Peak loads and request patterns on Web sites are seldom predictable. It is difficult to foresee when requests for new content will generate more traffic than a site's Web servers have capacity to handle. Such traffic spikes or surges, as they are known, are even more troublesome when the requested content must be dynamically generated or when the content is changing frequently. Because Oracle9iAS Web Cache can sustain orders of magnitude greater throughput than the average Web server, it provides a layer of defense against such surges.

Surge protection and performance assurance are closely linked. To prevent an overload of requests on the origin Web server(s), Oracle9iAS Web Cache enables administrators to set a limit on the number of concurrent connections that the origin Web server(s) can handle. When the capacity limit is reached, subsequent requests are queued to wait up to a maximum amount of time. If the maximum wait time is exceeded, Oracle9iAS Web Cache rejects the request and serves an "apology" page to the Web browser that initiated the request.

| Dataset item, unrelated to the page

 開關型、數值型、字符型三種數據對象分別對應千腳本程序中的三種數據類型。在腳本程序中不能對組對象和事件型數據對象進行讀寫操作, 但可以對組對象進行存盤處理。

Web Server Load Balancing, Failover and Binding
Most Web sites are powered by a farm of application Web servers running on clustered machines. Distributing the load across multiple servers provides better scalability and reliability and allows administrators to take machines offline for maintenance without impacting availability. The traffic management function is typically provided by a network load balancing device deployed at the front-end of the Web server farm.

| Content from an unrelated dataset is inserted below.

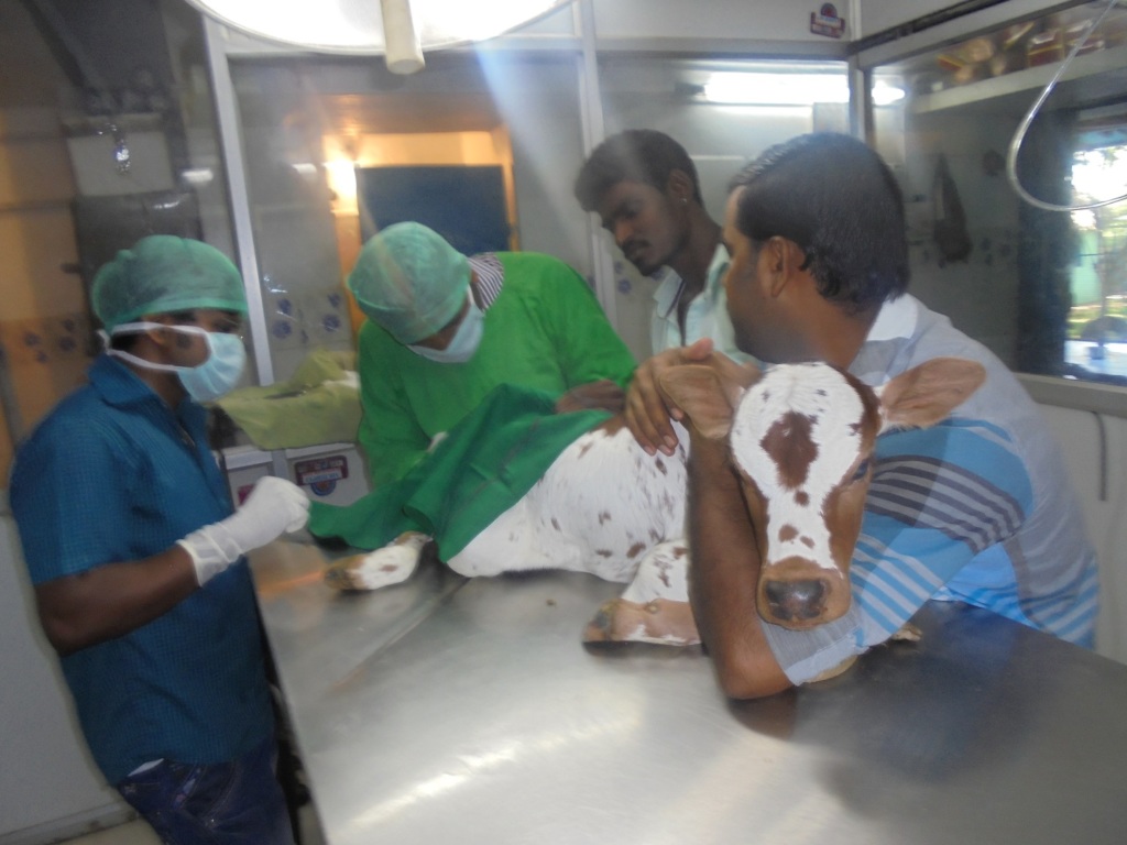 • Several months ago a young female colt was brought to the Shelter by people from a temple  50 kms away. The poor babe was only two months old. She had been hit by a two wheeler and her back leg was severely broken. She was in a lot of pain, so Dr. Heera immediately gave her a strong painkiller. Then she cleansed the wound, gave the colt antibiotics and prepared her to be operated on the following morning.

Oracle9iAS Web Cache uniquely combines caching and load balancing in a single offering. Deployed before a Web server farm, Oracle9iAS Web Cache intercepts all HTTP requests sent to the Web site and responds with a cached page if there is a valid version in the cache. As depicted in Figure 12, all cache misses - whether cacheable or non-cacheable - are passed to the origin Web servers on the back-end. Oracle9iAS Web Cache distributes these requests according to the relative capacity of each Web server. Web server capacity is configured by theOracle9iAS Web Cache administrator

Figure 12: Web Server Load Balancing

Just as network load balancers do, Oracle9iAS Web Cache can determine when a Web server has failed and then automatically redistribute the load over the remaining servers. The failover feature is illustrated in Figure 13. Continuing with the load balancing example from Figure 12, an outage of www3.company.com results in 50 percent of the traffic going to www1.company.com and 50% going to www2.company.com. Oracle9iAS Web Cache periodically checks to see if the failed Web server has returned to a functional state. As soon as the failed server returns to operation, Oracle9iAS Web Cache will once again include it in the distribution mix.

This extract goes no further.